All groups performed well on diagnostic items, which comprised 10 questions covering risk stratification, imaging selection, and pretest probability assessment. Internal medicine specialists achieved 82% accuracy in this category, while pulmonary specialists achieved 76% accuracy, and emergency physicians achieved 70% accuracy. AI systems achieved high accuracy in this diagnostic category, with Claude 2 achieving 90% accuracy and both ChatGPT-4 and MedPalm achieving 80% accuracy. The performance differences across all groups in this category were statistically significant based on a chi-square test with a test statistic of χ² = 9.87 and a p-value of 0.04, using a significance threshold of p < 0.05. This pattern suggests that diagnostic algorithms and risk stratification tools are well defined in literature and clinical practice guidelines, and both human training and AI learning processes effectively capture this structured knowledge.
Specialist physicians scored higher than emergency physicians in treatment-related questions, which comprised nine questions addressing anticoagulation selection, duration, and therapeutic strategies. Internal medicine specialists achieved 75.6% accuracy while pulmonary specialists achieved 82.2% accuracy, reflecting greater familiarity with anticoagulation guidelines and therapeutic nuances that come with specialized practice. Emergency physicians achieved 61.9% accuracy in this category. All three AI systems showed similar performance at 66.7%, indicating shared challenges among AI systems with certain treatment decisions. The performance differences in this category were statistically significant based on the Kruskal-Wallis test with an H statistic of 10.24 and a p-value of 0.03, using a significance threshold of p < 0.05. Questions 16 and 17 were most problematic for AI systems, as these questions required knowledge of specific guideline recommendations regarding monitoring practices and cancer-associated thromboembolism, which are areas where guidelines have evolved and where exceptions to general rules exist.

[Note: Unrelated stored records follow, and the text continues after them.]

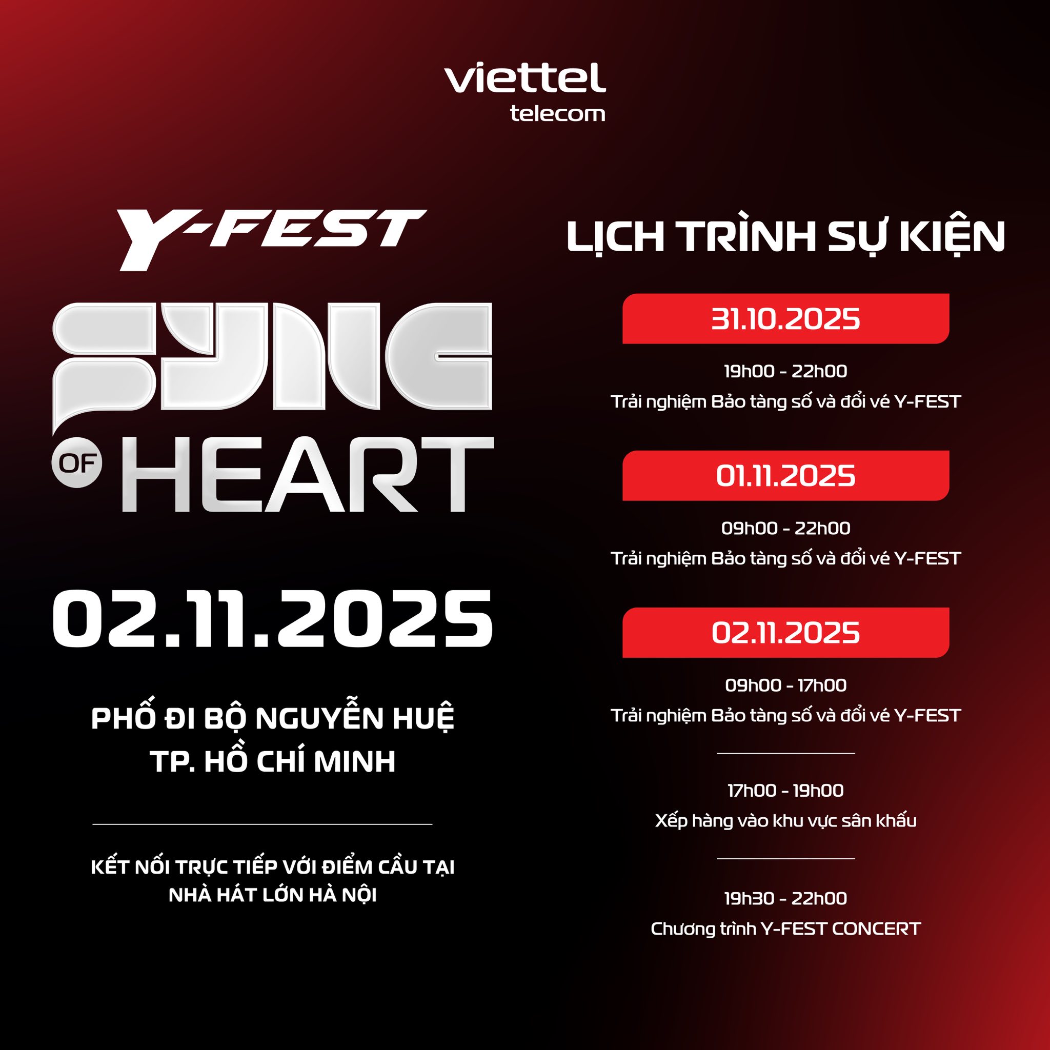 Y-FEST, thương hiệu lễ hội âm nhạc đỉnh cao từ Viettel, không chỉ là một đêm diễn thông thường. Năm 2025, sự kiện mang đến chủ đề "SYNC OF HEART" (Đồng Điệu Trái Tim), một không gian nơi nghệ thuật đương đại giao thoa cùng công nghệ số tiên phong. Khán giả Sài Gòn không chỉ đến để ngắm nhìn, mà còn trở thành một phần của tác phẩm, được chạm vào cảm xúc, khơi dậy bản sắc và bật tung tinh thần sáng tạo.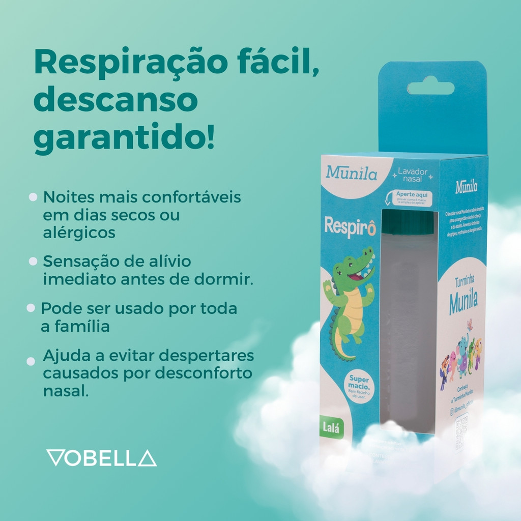 Respiração mais leve e saudável todos os dias com o Kit Respirô Munila: alívio imediato e prático para o desconforto nasal! Por que comprar o Kit Respirô Munila? Desenvolvido para adultos e crianças a partir de 3 anos, o Kit Respirô Munila facilita a higienização das vias nasais de forma segura e confortável. Ideal para quem sofre com rinite, sinusite ou congestão, ele ajuda na prevenção de infecções respiratórias e melhora a qualidade da respiração diária. Sobre o produto: -Lavador nasal com 220ml cada. -Marca: Munila. -2 Garrafas de Lavagem Nasal 220ml. -2 adaptadores de bico em silicone macio. -Auxilia no alívio de sintomas respiratórios. -Material 100% atóxico e reutilizável. -Reutilizável e fácil de higienizar. -Sistema de fluxo controlado. -Design ergonômico e seguro. -Uso com soro fisiológico. Indicado para: -Crianças a partir de 3 anos. -Adultos. -Pessoas com rinite ou sinusite. -Congestão nasal e resfriados. Modo de uso: -Adicione soro fisiológico no frasco limpo. -Feche bem e posicione o bico em uma das narinas. -Incline a cabeça levemente para o lado oposto. -Pressione para que o líquido flua pela outra narina. -Repita o processo do outro lado. -Em crianças, o adulto deve aplicar o produto, mantendo a posição confortável. Precauções: -Higienize bem antes do primeiro uso. -Utilize sempre com soro fisiológico. -Não compartilhe o lavador entre pessoas. -Este produto não é um brinquedo: mantenha fora do alcance de crianças. -Em caso de irritação, suspenda o uso e procure orientação médica. Com qualidade, conforto e eficácia, o Kit Respirô Munila é a escolha certa para cuidar da respiração de toda a família. Garanta o seu agora e sinta a diferença no dia a dia! Surgiu alguma dúvida? Entre em contato com a gente! Boas Compras :)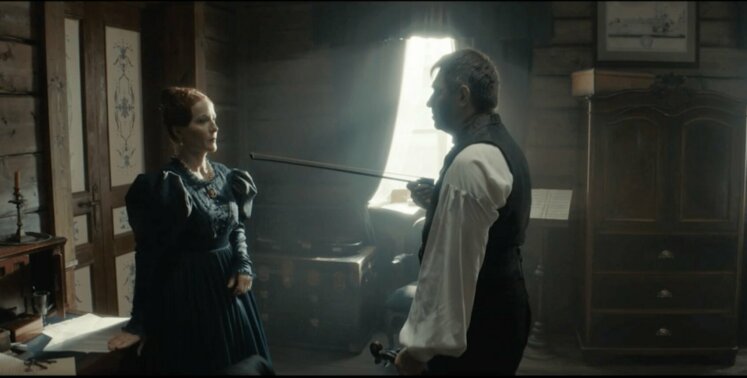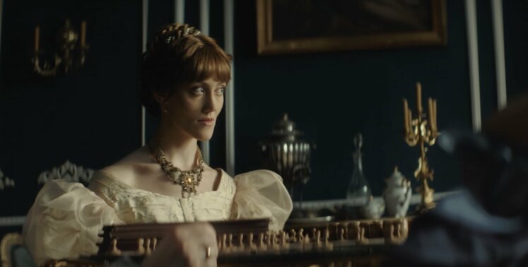 «Я считаю, что все это больше может раскрыть персонажа, оттенить и создать атмосферу вокруг него. Мария Нессерльроде – жесткая женщина. Я придумала, что основной цвет героини – сталь. Металл имеет свойства меняться: при накаливании может быть красным, затем белым. Так я и сделала в платьях. В начале сериала было платье стального цвета, потом бордовое, потом красное, а в финале уже была в белом», — поясняла Александра Ребенок.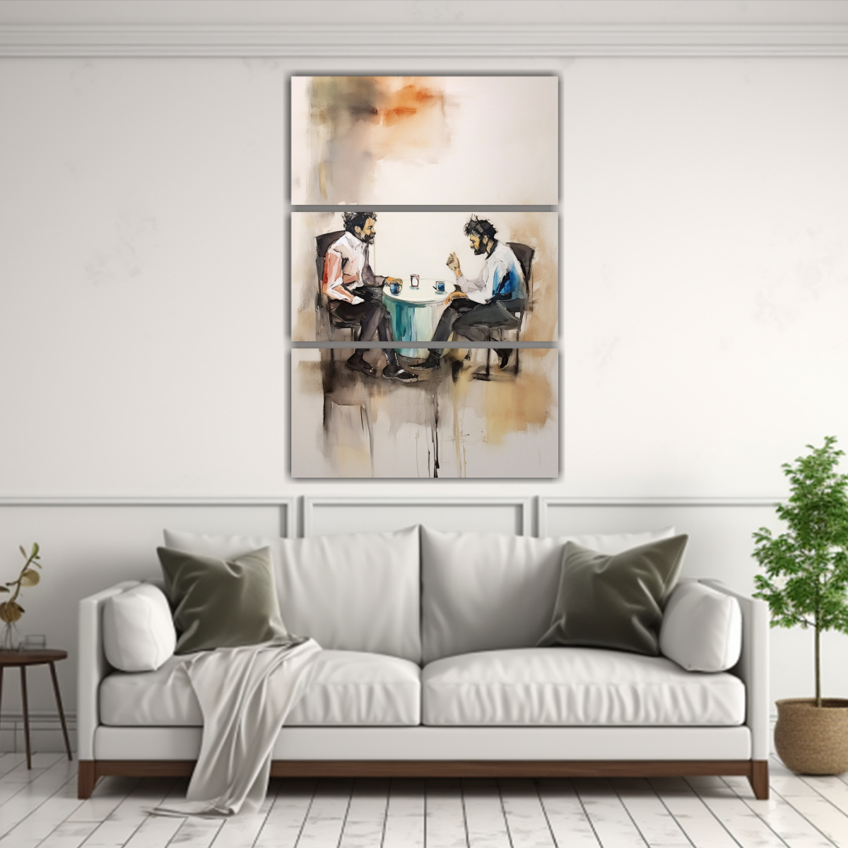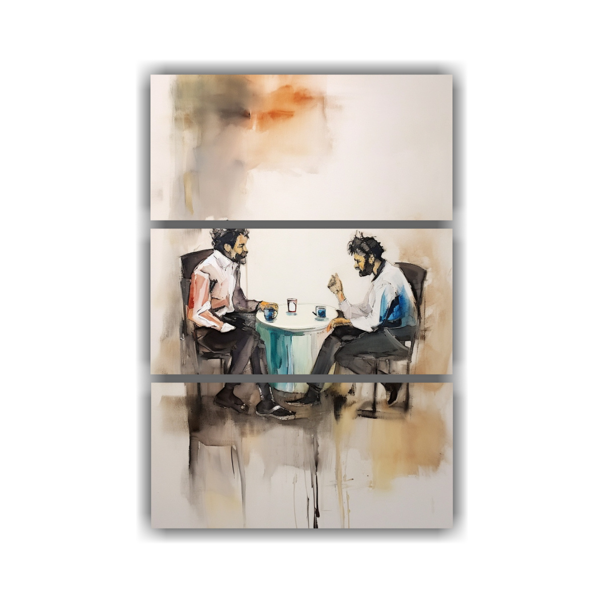 DecoCuadros presenta un cuadro decorativo con detalles intrincados de tres amigos sentados juntos y compartiendo grandes historias Este cuadro, con colores plateado, azul marino grisaceo, gris, beige y turquesa, es perfecto para agregar un toque moderno y elegante a cualquier espacio de tu hogar Nuestros cuadros están impresos en tela de alta calidad con bastidores de madera, lo que garantiza la mejor calidad del mercado Además, ofrecemos los precios más económicos, diseños exclusivos, entregas rápidas y envíos gratis en Santiago y envíos express a regiones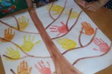 Нәни кулларыбыз белән кечкенәләр төркемендә тырыша тырыша агачка тосле яфраклар ясадык.Көзга агач болай да матур була икэн!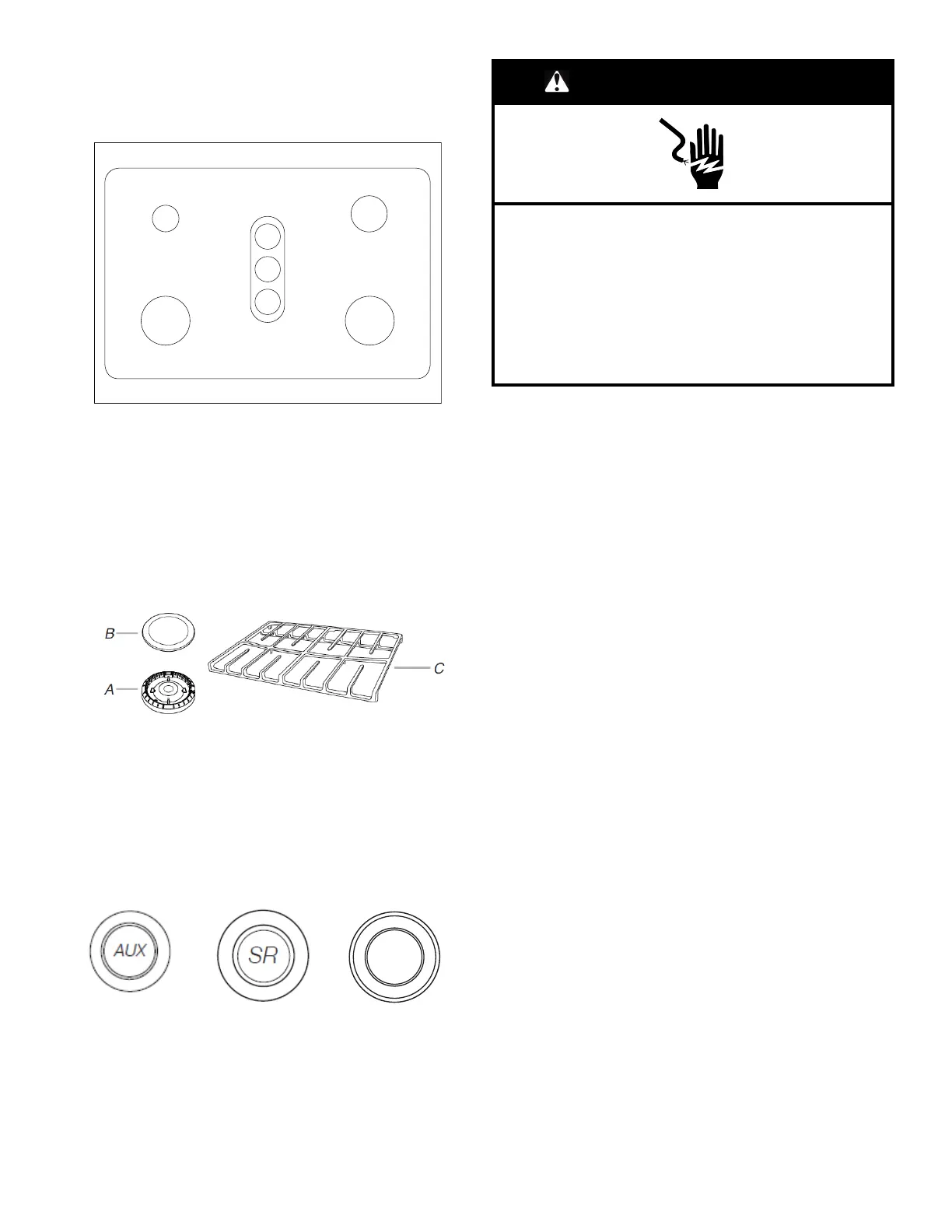 pas. Placer les grilles de brûleur sur les brûleurs et chapeaux.
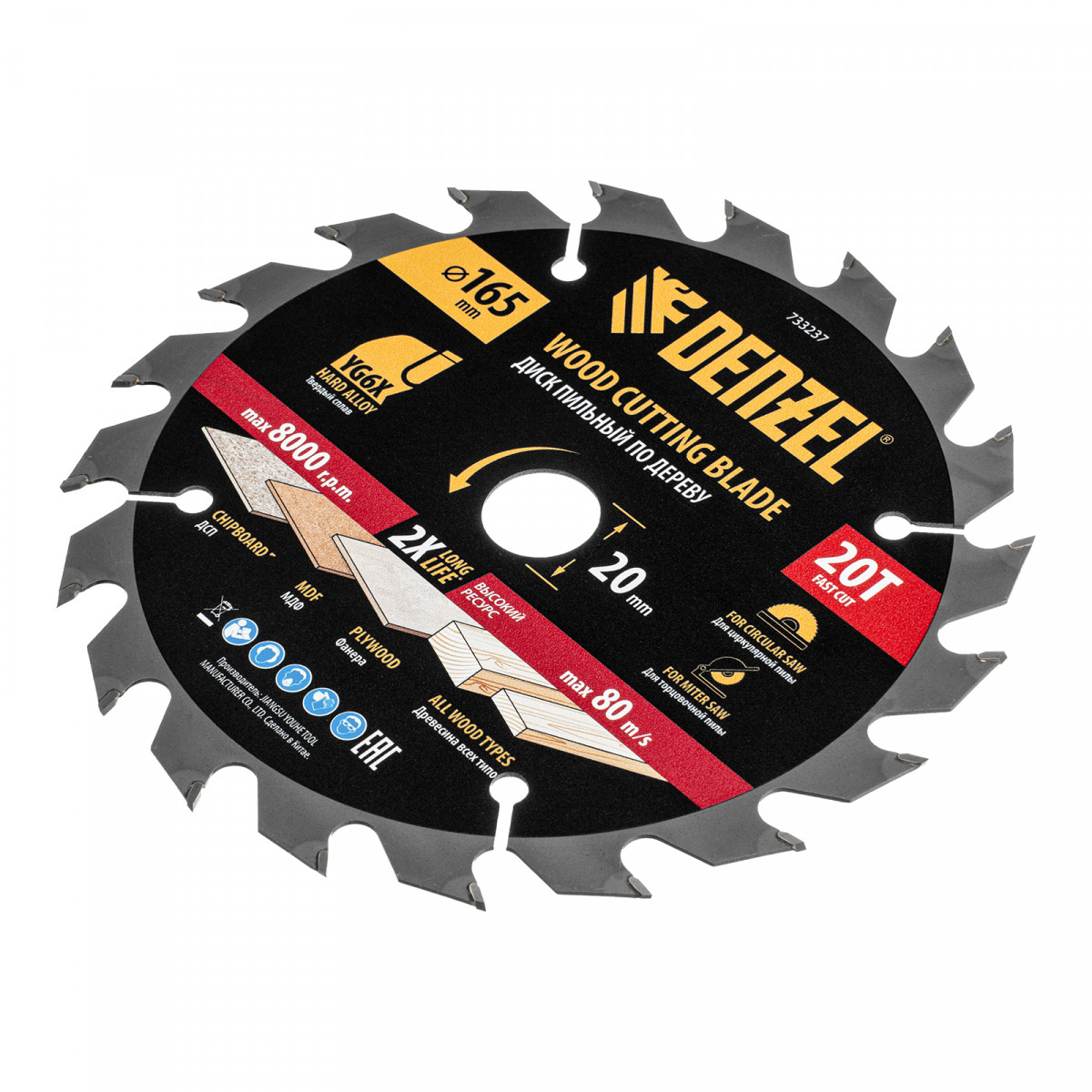 Пильный диск Denzel 733237 диаметром 165 x 20 мм, с 20 зубьями, предназначен для продольного и поперечного распила твердой и мягкой древесины, фанеры, МДФ, ДСП. 20 зубьев типа ATB с режущими пластинами оптимальной геометрии обеспечивают быстрый рез. Режущие пластины из твердого сплава YG6X сохраняют рабочие свойства при интенсивном использовании. Диск устанавливается на циркулярную, торцовочную пилу или на распиловочный станок. В комплект поставки входит переходное кольцо с 20 на 16 мм, что позволяет изменить посадочный размер и расширяет возможности использования диска.

All AI systems achieved perfect performance at 100% on the two complication-related questions, which addressed prognostic factors and recurrence risk prediction. Internal medicine and pulmonary specialists also achieved high accuracy at 90% each in this category, while Emergency physicians scored lower at 57.1%. The performance differences in this category were statistically significant based on Fisher's exact test with a p-value of 0.02, using a significance threshold of p < 0.05. However, given that this category contained only two questions, these results should be interpreted with caution as the small sample size limits precision and generalizability. This domain may be particularly suitable for AI performance because prognostic factors and risk stratification are often explicitly stated in medical literature and are represented in structured formats that align well with the pattern recognition capabilities of AI training processes.
The management category, which comprised four questions, showed the most variable performance across all participant groups. Management questions represented a particular weakness for emergency physicians, who achieved only 46.4% accuracy in this category. ChatGPT-4 and MedPalm also showed limited performance at 50% each, while internal medicine and pulmonary specialists achieved 80% accuracy. Claude 2 achieved 75% accuracy in this category. The performance differences were statistically significant based on the Kruskal-Wallis test with an H statistic of 12.63 and a p-value of 0.01, using a significance threshold of p < 0.05. As with the Complications category, the small number of questions (n=4) in this domain warrants cautious interpretation. The higher performance of specialist physicians reflects greater experience with complex clinical decision-making and guideline application in special situations that may not be frequently encountered in general emergency practice. Claude 2 scored higher than ChatGPT-4 and MedPalm primarily due to its correct response to Question 6 regarding Hestia criteria for outpatient management eligibility. Management questions requiring integration of multiple clinical factors were more challenging for AI systems compared to straightforward knowledge recall, as were questions involving the application of complex criteria or the recognition of appropriate practice in edge cases where standard algorithms may not apply directly.
Distribution of correct answers across categories
We examined the contribution of each category to total correct answers to provide additional insight into performance patterns and identify areas of relative strength and weakness for each group. For emergency medicine specialists, approximately 45% of their correct answers came from diagnostic questions (n=10), reflecting their strength in this foundational area of clinical practice. Treatment questions (n=9) contributed 34% of their correct answers, while complications (n=2) contributed 11% and management (n=4) contributed only 10%. This distribution reflects their relative difficulty with complex management scenarios that require specialized knowledge and experience with nuanced clinical decision-making.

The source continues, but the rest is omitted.